海外文学読書録

書評と感想

ルイ・レテリエ『インクレディブル・ハルク』(2008/米)

★★

科学者のブルース・バナー(エドワード・ノートン)は施設で軍事研究をしており、自分の体を使って人体実験をする。その結果、心拍数が200を超えると怪物化する特殊体質になってしまった。軍から追われる身になったブルースは、ブラジルのスラム街に身を隠して生活している。ところが、あることがきっかけで軍に見つかり、最強の兵士ブロンスキー(ティム・ロス)と対峙することに。また、ブルースには恋人ベティ(リヴ・タイラー)がいて……。
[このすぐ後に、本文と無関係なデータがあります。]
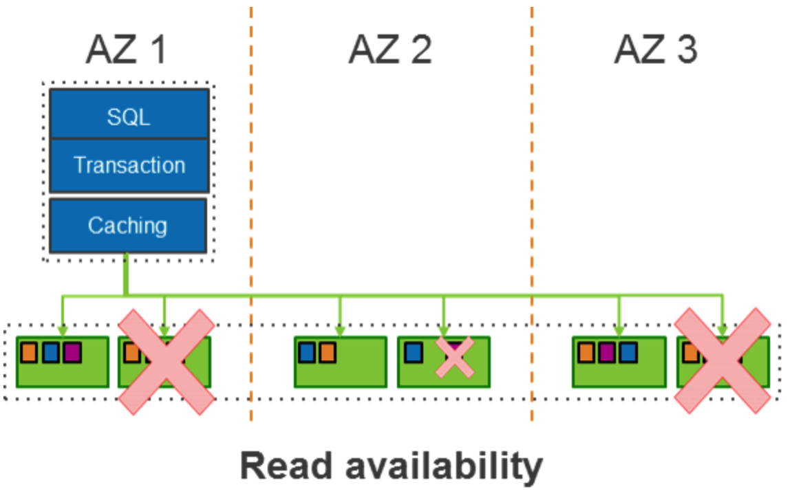 이 설계를 통해 Amazon Aurora는 클라이언트 애플리케이션에 대한 가용성 영향 없이 전체 AZ 또는 2개의 스토리지 노드 손실을 견딜 수 있다.
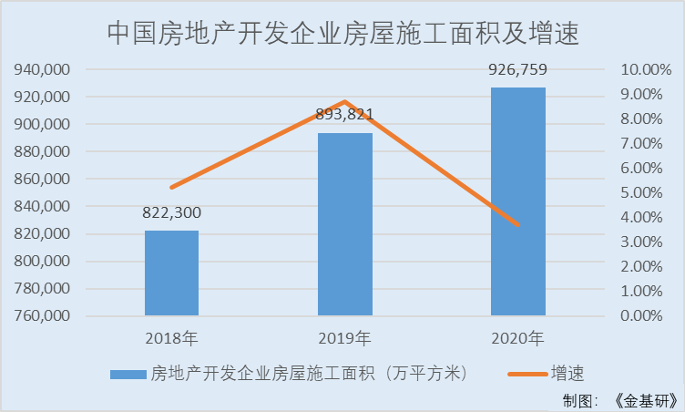 同期,中国房地产开发企业房屋施工面积分别为822,300万平方米、893,821万平方米和926,759万平方米,同比增速分别为5.22%、8.7%和3.7%。
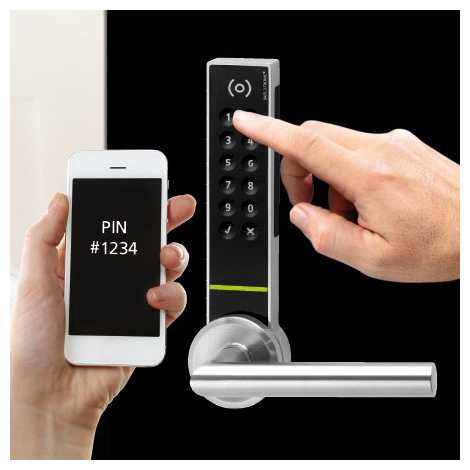 Bei der Online-Zimmer-Bestellung wird dem Gast ein für die gebuchte Aufenthaltsdauer gültiger PIN-Code per Email oder SMS auf sein Smartphone gesendet. Diesen Code kann er direkt am Hotelzugang mit dem SAFE-O-TRONIC® access TS Wandterminal und / oder am SAFE-OTRONIC access DS Türbeschlag eingeben und das Gastzimmer betreten
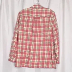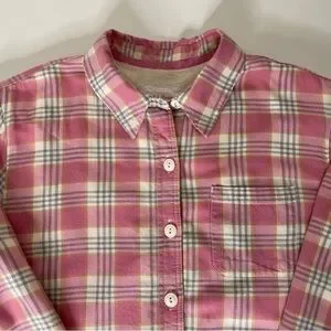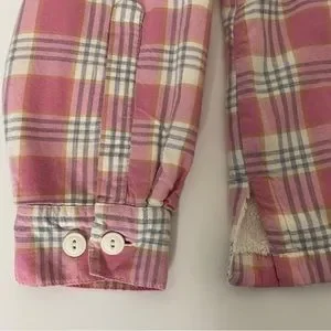 L.L. Bean Fleece Lined Plaid Flannel Shirt Jacket Pink White Sz M

予想以上に地味な映画だった。前半はブルースと軍隊の追いかけっこ、後半は怪物同士の対決である。CGで描かれた怪物と背景の融合がいまいちで、映像技術の限界が目についた。特に戦闘シーンでは怪物だけ画面から浮いている。もう少しどうにかならないかと思った。

序盤は善玉と悪玉の立場を逆転させたような構図で、たぶんヒーローものとしては異質なのだろう。というのも、普通だったら人間が善玉で、知略を駆使して怪物に挑むのが王道のはずである。それが本作では逆になっていて、怪物になった主人公が向かってくる人間どもを圧倒的パワーで蹴散らしている。見た目もいかつくて悪役っぽい。しかし、彼は軍に追われる身であり、捕まったらその実験成果を兵器に利用されてしまう。悲しい宿業を背負っているのだった。本作は心拍数が200を超えると怪物に変身するという設定が光っている。走っていても危ないし、セックスだってろくにできやしない。自分の意思ではなく、不可抗力で怪物になるところが悲劇である。

ブルースがハルクになった姿はボディビルダーも真っ青の筋肉だるまで、これは究極の男性性ではないかと目をみはった。もちろん、見た目に違わずパワーも桁違いである。その肉体は銃弾を弾き、軍隊の攻撃を寄せ付けない。彼と対等に戦えるのは同じく怪物化したブロンスキーくらいである。しかも、そのブロンスキーは自分より強い敵を熱望する戦闘狂で、ブルースと男性性を競おうとするのだった。このシンプルさは嫌いではないものの、それにしたってアメリカ人のマッチョ好きにはつくづく呆れてしまう。

ヒクソン・グレイシーがブルースの師匠役として出演していた。懐かしい。道場でブルースの頬を張り飛ばしていて、あれが素なのだろうという感じの自然さだった。昔は日本でも格闘技イベントが流行ってたよなあ……。